═════ Recorded data ═════

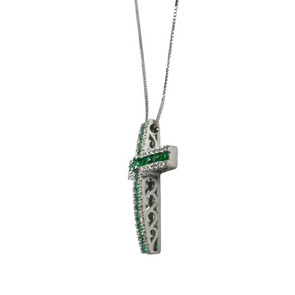 Pendente croce oro bianco 750% 18kt CIPOLLA DAL 1950 GIOIELLIERI COLLEZIONE BELLE EPOQUE , lavorazione artigianale, catenina veneziana in oro bianco 18kt,diamanti 0,18 ct colore F/vs1 smeraldi 0,51ct
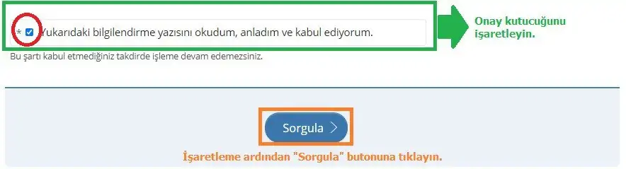 Açılan sayfada barkodlu belge oluşturmak için onay metnini okumanız ve onayladığınızı belirten işaretlemeyi yapmanız gereklidir. Aşağıda gösterildiği şekilde onay kutucuğunu işaretleyin ve “Sorgula” butonuna tıklanarak belge oluşturulur.
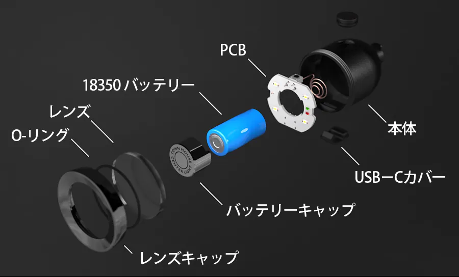 ライト本体は、十分な電池寿命と明るさを保ちつつ、ポケットに入るコンパクトさが求められました。
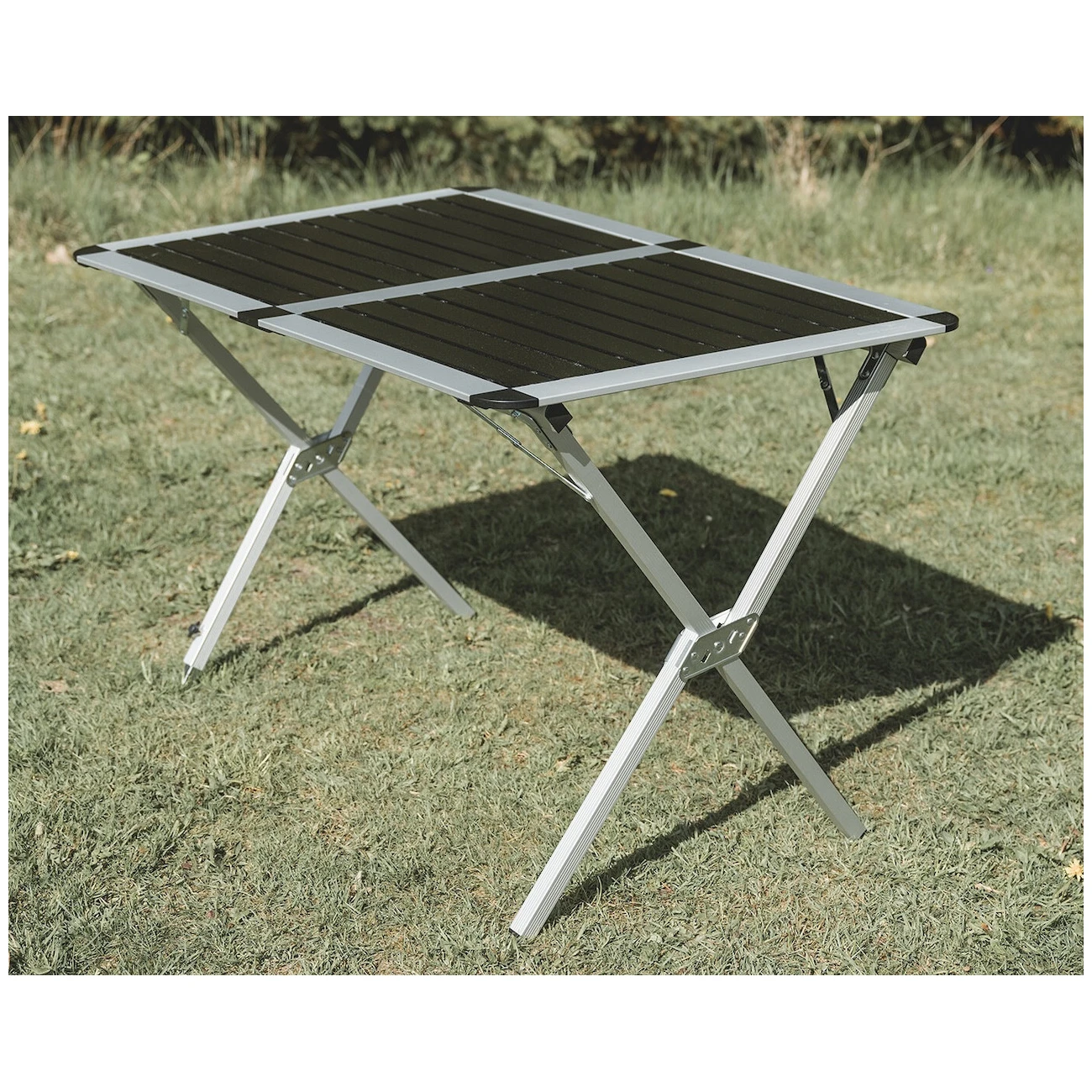 Mit einer Tischplattengröße von 70x110 cm ist er ideal für ein Essen für vier Personen. Durch höhenverstellbare Füße können Sie Unebenheiten im Gelände problemlos ausgleichen. Die maximale Höhe beträgt 70 cm.
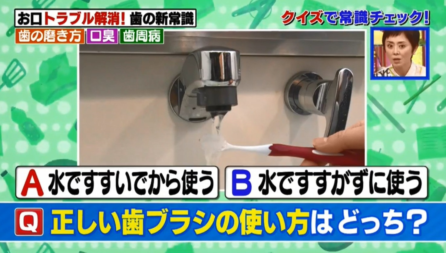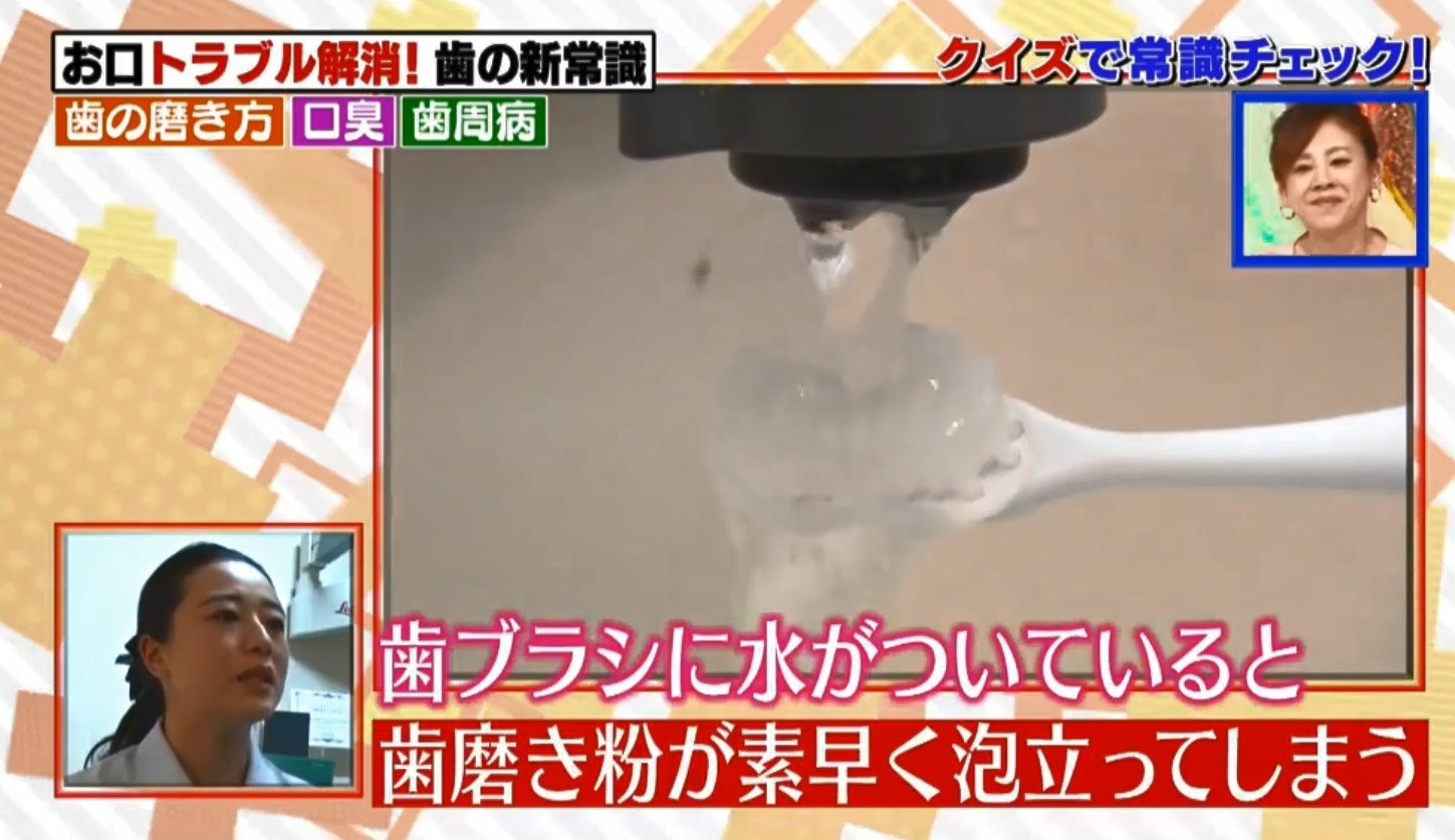 ▼問題二:很多人在刷牙之前都會將牙刷沾濕,這是正確的嗎?
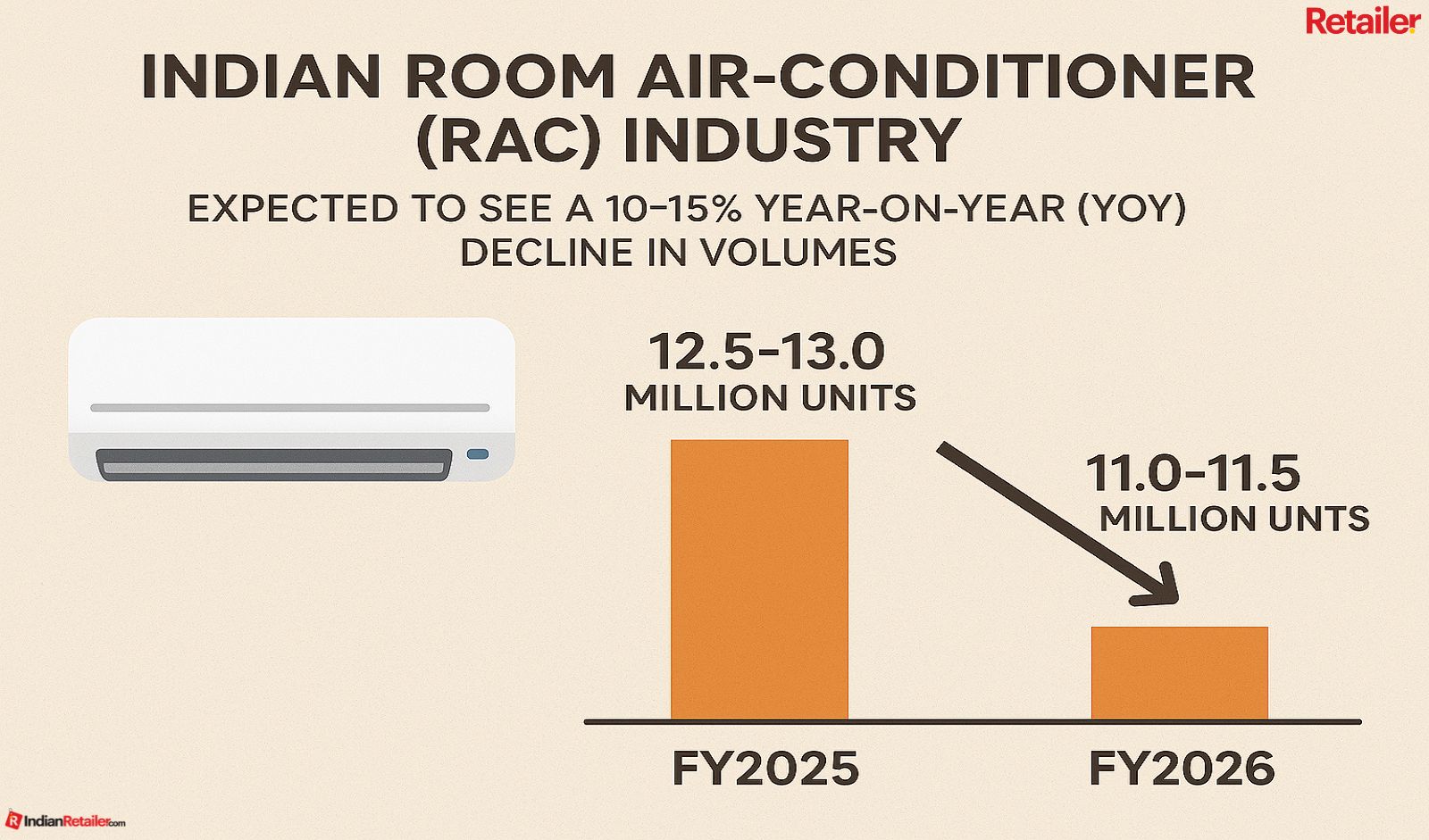 Indian Room AC Market Volumes Expected to Drop 10–15 pc in FY26

═════

> [Exercise directions] Excluding the pictures, transcribe all of the entries exactly.

> [Result of this task]
 Pendente croce oro bianco 750% 18kt CIPOLLA DAL 1950 GIOIELLIERI COLLEZIONE BELLE EPOQUE , lavorazione artigianale, catenina veneziana in oro bianco 18kt,diamanti 0,18 ct colore F/vs1 smeraldi 0,51ct
 Açılan sayfada barkodlu belge oluşturmak için onay metnini okumanız ve onayladığınızı belirten işaretlemeyi yapmanız gereklidir. Aşağıda gösterildiği şekilde onay kutucuğunu işaretleyin ve “Sorgula” butonuna tıklanarak belge oluşturulur.
 ライト本体は、十分な電池寿命と明るさを保ちつつ、ポケットに入るコンパクトさが求められました。
 Mit einer Tischplattengröße von 70x110 cm ist er ideal für ein Essen für vier Personen. Durch höhenverstellbare Füße können Sie Unebenheiten im Gelände problemlos ausgleichen. Die maximale Höhe beträgt 70 cm.
 ▼問題二:很多人在刷牙之前都會將牙刷沾濕,這是正確的嗎?
 Indian Room AC Market Volumes Expected to Drop 10–15 pc in FY26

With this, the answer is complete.